The immunities and privileges of diplomats and consular
staff are governed by international conventions. Diplomats enjoying the
privileges and immunities described in the Vienna Convention on Diplomatic
Relations are under a duty to respect the laws and regulations of the receiving
state and to avoid interfering in its internal affairs as detailed in Article
41. Similarly, consular staff are granted limited privileges and immunities by
the Vienna Convention on Consular Affairs, but host state authorities can start
investigations and prosecute any of the personnel if they perpetrate crimes
inside or outside the consulate premises according to Article 43 of the
convention.
This is quite unprecedented given the fact that Turkey had
generally been careful to separate its diplomatic work from espionage in order
to protect its diplomats and consular officers and not harm bilateral ties. The
intelligence officers attached to Turkish embassies are known to their host
countries and merely function as liaison officers. However, turning career
diplomats and consular officers into spies marks a new level and dangerous
escalation in the governance style of Erdoğan in Turkey, where some 30 percent
of its diplomats including high-profile ambassadors were purged and/or jailed.
The Gülen movement, led by US-based Turkish Muslim scholar
Fethullah Gülen, is highly critical of the Erdoğan government on a range of
issues from corruption to the government’s arming and funding of radical
jihadist groups in Syria and Libya.
Erdoğan, incriminated in a major corruption scandal in 2013
that exposed secret kickbacks in money laundering schemes involving Iranian
sanctions buster Reza Zarrab, blamed Gülen for the graft investigations into
his family members and business and political associates.
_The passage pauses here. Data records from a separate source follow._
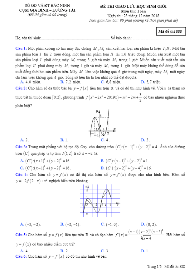 Đề thi giao lưu HSG Toán năm 2018 – 2019 cụm Gia Bình – Lương Tài – Bắc Ninh có mã đề 888 là bài kiểm tra đánh giá chất lượng đội tuyển học sinh giỏi Toán của các trường. Đề thi bao gồm 6 trang, với tổng cộng 50 câu hỏi và bài toán được đưa ra dưới dạng trắc nghiệm khách quan. Thời gian làm bài là 90 phút, kỳ thi diễn ra vào ngày 23 tháng 12 năm 2018. Một số câu hỏi và bài toán trong đề thi giao lưu bao gồm:- Vấn đề về phân xưởng sản xuất sản phẩm loại I và II với sự sử dụng hai máy đặc chủng M1, M2 và việc tối ưu hoá lãi.- Vấn đề về việc tính toán số ngày ít nhất để hai tài xế taxi chạy hết lượng xăng được cấp khoán cho mỗi người.- Bài toán về việc tạo hình trụ từ khối gỗ hình hộp chữ nhật, với yêu cầu về vẽ đường tròn nội tiếp hai hình vuông và phải tính toán số tiền cần để sản xuất 10 đồ vật như vậy.Đề thi giao lưu HSG Toán năm 2018 – 2019 cụm Gia Bình – Lương Tài – Bắc Ninh không chỉ giúp học sinh rèn luyện và phát triển năng lực môn Toán mà còn tạo điều kiện cho họ thể hiện khả năng sáng tạo, tư duy logic và giải quyết vấn đề.Bạn có thể tải file WORD (dành cho quý thầy, cô) để biết thêm chi tiết về đề thi và câu hỏi.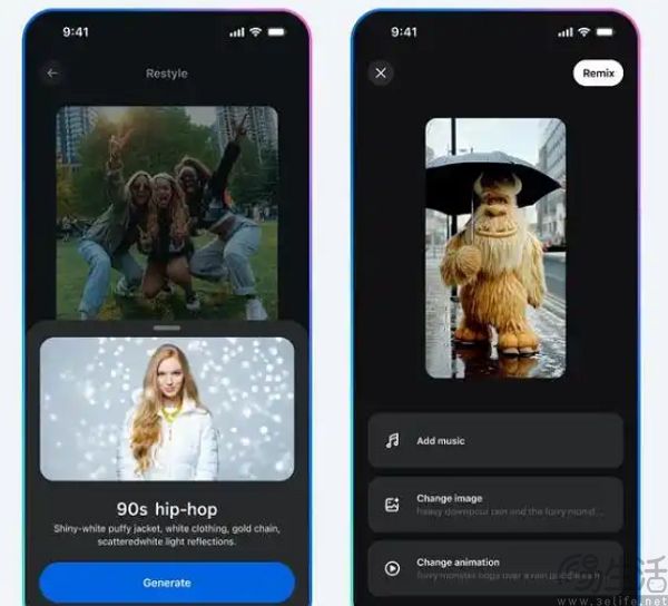 事实上,Vibes肖似于AI版块的抖音、快手,为用户提供了动画、殊效短片、捏造场景等AI生成的视频内容,而且还救助用户对Vibes信息流里刷到的视频进行 “再创作”(remix),然后再共享到Instagram、Facebook Stories。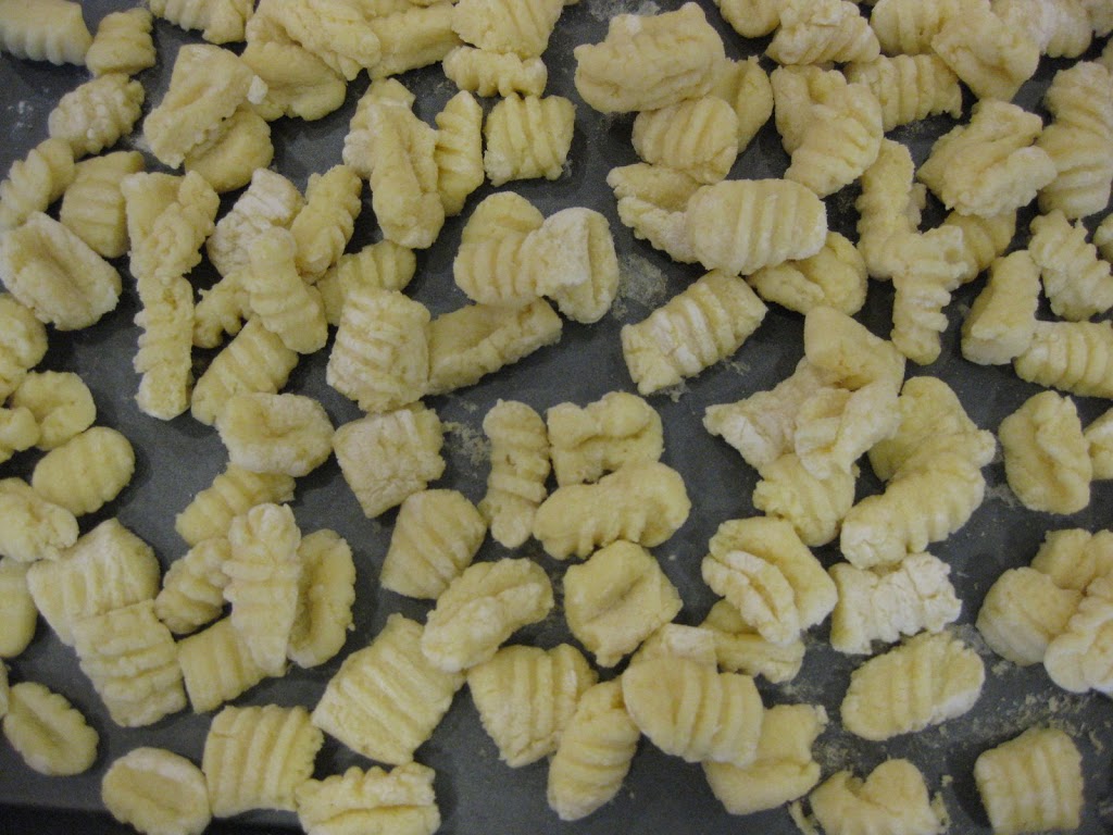 I can still remember my Aunt Vincenzina making gnocchi at our house when she was visiting from Rome. I was only 10 yrs old but can visualize the rolling, cutting and flour, everywhere. I some times forget how much I like them. This weekend, I decided I needed a fix and was motivated. I also realized they are actually pretty easy.

He branded the group
as a terrorist entity although no violent action has been associated with it,
and launched a major crackdown on the group, jailing and/or purging tens of
thousands of government employees, unlawfully seizing their assets, shutting
down schools, universities, NGOs, media outlets, hospitals and others that were
owned or operated by people associated with the movement.
Greece has served as an important destination for critics
and opponents of the Erdoğan regime including Gülenists to escape Erdoğan’s
wrath as it has both land and sea borders with Turkey. The Turkish intelligence
services, already running operations to collect information using assets
developed from minority Muslim groups in Greece, have intensified their
operations in the neighboring NATO member. The secret document shows that
Turkey keeps tabs on critics even after they manage to cross into Greece and
seek asylum under international human rights conventions.